Defra delays Extended Producer Responsibility reforms

The Department for Environment, Food & Rural Affairs (Defra) has announced that planned reforms to the Extended producer responsibility (EPR) scheme will not take place as planned in 2023, with no new date yet to be offered.

Defra delays Extended Producer Responsibility reforms

The decision has been met with disappointment from green groups

A huge overhaul of the EPR system was proposed in 2018 in the Government’s Resources & Waste Strategy. The 147-page Resources & Waste Strategy – the first comprehensive update in more than a decade – sets out a long-term blueprint for waste prevention, reuse and recycling in the UK.

Under the strategy, producers will be forced to pay full net costs of disposal of packaging they place on the market – up from just 10% now. 

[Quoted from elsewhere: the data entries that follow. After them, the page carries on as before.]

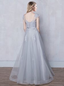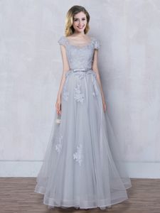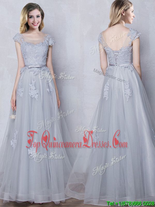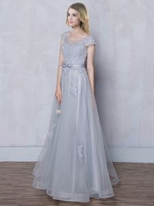 Scoop Tulle Cap Sleeves Floor Length Dama Dress and Lace and Appliques and Belt
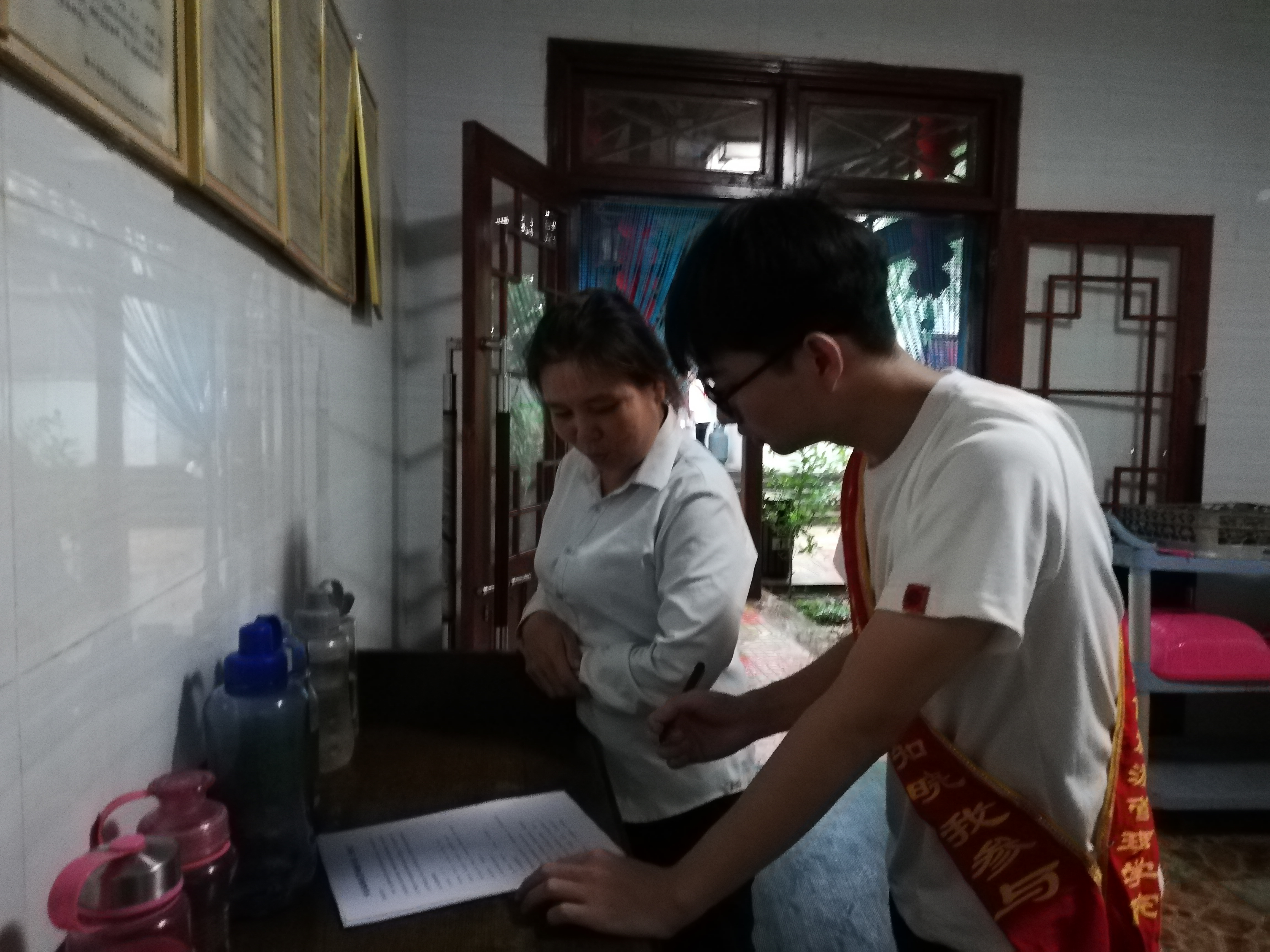 以对海南省乡村旅游扶贫调查和服务提升培训为目的,我们的团队冒着大雨驾车来到泮边村进行入户调查,和进行礼仪和餐饮方面的培训。到达目的地之后我们马不停蹄展开了调研,发放调查问卷,并与当地第一书记进行一番深入的交流探讨。经过交流后我们了解到本村的交通不便利、基础设施建设的不完善以及本地村民文化水平的受限。因此我们认为,在乡村旅游迅猛发展的时代,我们不仅要看到其给我们带来的利,也要关注弊,并且解决或改善。 图为小组成员帮助村民填写调查问卷后并于村干部的合影。中国青年网通讯员 穆雪茹摄
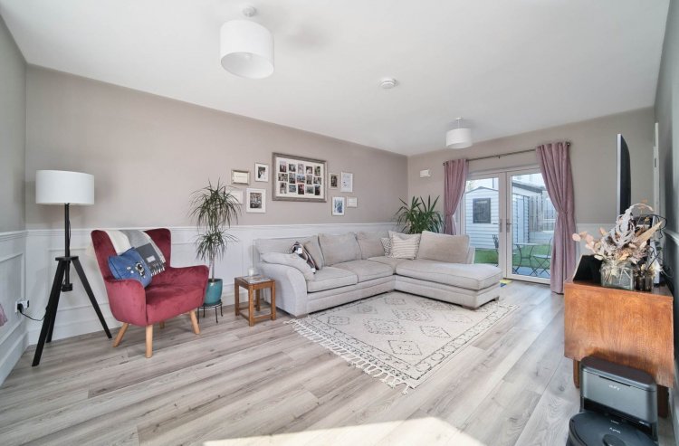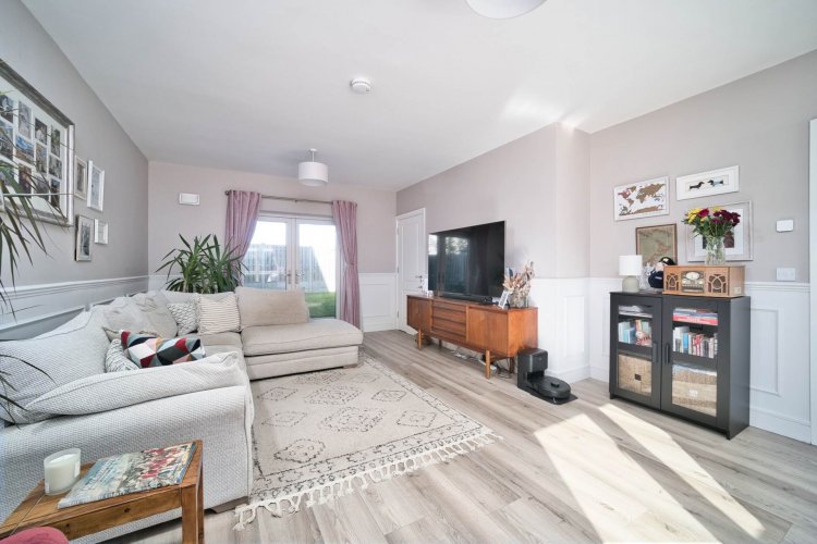 Living Room 3.77m x 6.72m Semi solid flooring, wall panelling, window seat with storage, light fitting, TV point, blinds and French doors leading onto rear garden.
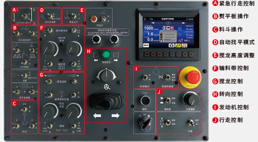 駕駛座前的主操作面板和熨平板操作箱都設(shè)有緊急熄火按鈕,達(dá)到安全作業(yè)的目的。
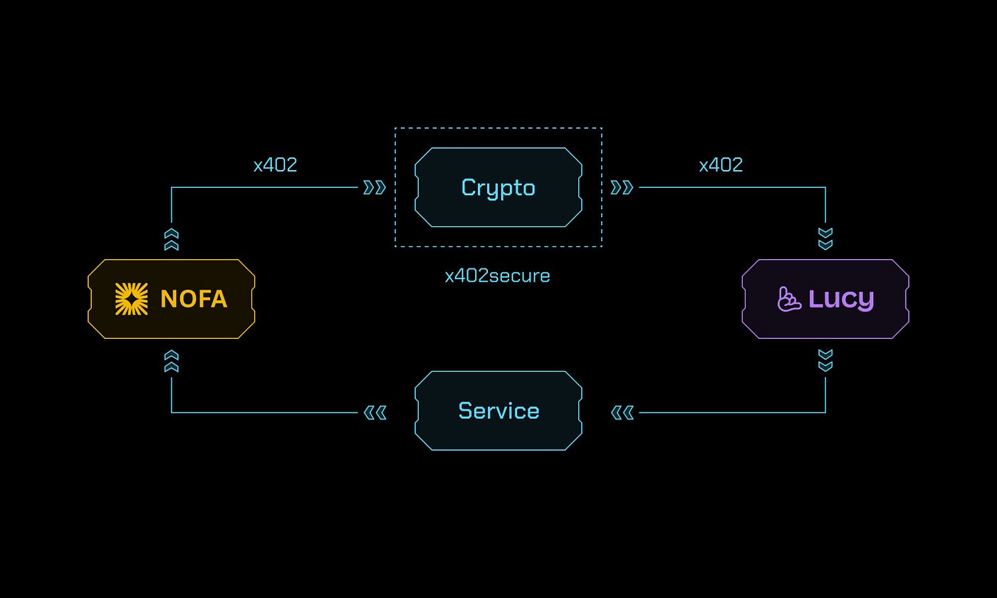 Within this hub collaboration framework, we will package nofa.ai trading capabilities as external APIs, allowing other AI agents/platforms to access them on demand; payments and settlements will go through x402 protocol; security will be underpinned by t54 x402secure.com; data insights and workflows will be provided and settled by lucyos.ai.

The EPR reforms were expected to be introduced in 2023, alongside a scheme administrator to oversee how the system runs. However, Defra has this week noted that stakeholders responding to consultations don’t believe they have enough time to prepare for the impending changes.

As such, Defra has postponed the reforms but has provided no information on any new timeframe for them to be introduced.

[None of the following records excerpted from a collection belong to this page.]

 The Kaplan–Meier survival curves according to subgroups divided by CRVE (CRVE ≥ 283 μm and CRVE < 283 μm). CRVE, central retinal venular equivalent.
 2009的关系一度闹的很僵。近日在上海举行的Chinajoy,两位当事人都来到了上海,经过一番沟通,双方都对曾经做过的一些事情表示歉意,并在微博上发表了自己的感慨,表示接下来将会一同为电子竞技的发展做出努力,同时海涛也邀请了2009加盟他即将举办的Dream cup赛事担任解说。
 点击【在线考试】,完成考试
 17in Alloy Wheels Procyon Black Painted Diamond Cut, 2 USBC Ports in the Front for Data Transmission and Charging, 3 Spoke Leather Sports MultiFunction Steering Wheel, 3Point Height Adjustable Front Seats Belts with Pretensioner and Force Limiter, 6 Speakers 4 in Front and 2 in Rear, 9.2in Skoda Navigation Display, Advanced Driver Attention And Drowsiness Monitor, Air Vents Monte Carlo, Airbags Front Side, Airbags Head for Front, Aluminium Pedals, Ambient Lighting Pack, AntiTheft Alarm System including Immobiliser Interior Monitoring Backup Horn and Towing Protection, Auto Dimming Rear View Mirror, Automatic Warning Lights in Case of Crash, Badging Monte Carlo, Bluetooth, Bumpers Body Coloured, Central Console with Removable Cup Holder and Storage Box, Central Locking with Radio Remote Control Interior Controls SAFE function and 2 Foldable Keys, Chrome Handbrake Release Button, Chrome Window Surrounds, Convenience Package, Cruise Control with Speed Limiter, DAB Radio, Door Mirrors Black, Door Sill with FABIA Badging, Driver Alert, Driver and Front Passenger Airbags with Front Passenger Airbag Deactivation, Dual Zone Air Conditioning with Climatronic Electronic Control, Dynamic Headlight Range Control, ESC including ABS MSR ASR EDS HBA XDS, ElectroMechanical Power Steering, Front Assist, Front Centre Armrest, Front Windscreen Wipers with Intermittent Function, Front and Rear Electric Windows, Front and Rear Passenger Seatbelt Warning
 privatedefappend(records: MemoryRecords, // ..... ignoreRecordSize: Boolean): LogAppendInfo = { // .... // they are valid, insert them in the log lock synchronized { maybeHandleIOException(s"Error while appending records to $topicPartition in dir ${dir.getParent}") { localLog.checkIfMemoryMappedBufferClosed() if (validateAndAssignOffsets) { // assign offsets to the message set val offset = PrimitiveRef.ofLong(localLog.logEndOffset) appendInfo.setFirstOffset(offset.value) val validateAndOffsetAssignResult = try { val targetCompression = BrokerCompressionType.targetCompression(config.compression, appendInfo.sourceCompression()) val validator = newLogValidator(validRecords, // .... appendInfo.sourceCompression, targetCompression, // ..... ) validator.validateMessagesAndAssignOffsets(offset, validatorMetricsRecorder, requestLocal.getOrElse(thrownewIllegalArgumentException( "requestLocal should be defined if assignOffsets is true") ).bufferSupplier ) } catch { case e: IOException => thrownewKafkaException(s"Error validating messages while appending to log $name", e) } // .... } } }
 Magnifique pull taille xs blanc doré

The existing Packaging Recovery Note (PRN) system will stay in place, with the Government still expected to introduce recycling targets for next year’s compliance period.

The decision has been met with disappointment from green groups.

ADEPT’s Waste Group chair, Steve Palfrey said: “ADEPT is very disappointed to learn that the introduction of EPR has been delayed by at least a year. Whilst the timescale was always ambitious, we had hoped that it would have been delivered in accordance with the programme that government had originally set out. This will mean that the public purse will continue to fund managing packaging waste for another year at a time when local authority budgets are already extremely stretched.

“We hope that government will take this additional time working with all of its stakeholders to deliver a first class EPR packaging scheme that can then be used as a blueprint for other materials – one that adds value, reduces waste and maximises resource efficiency. Our planet cannot afford for this to be delayed any longer than absolutely necessary. We look forward to seeing the outcome of the consultations and will continue to work with government to help deliver a circular economy and thriving natural environment.”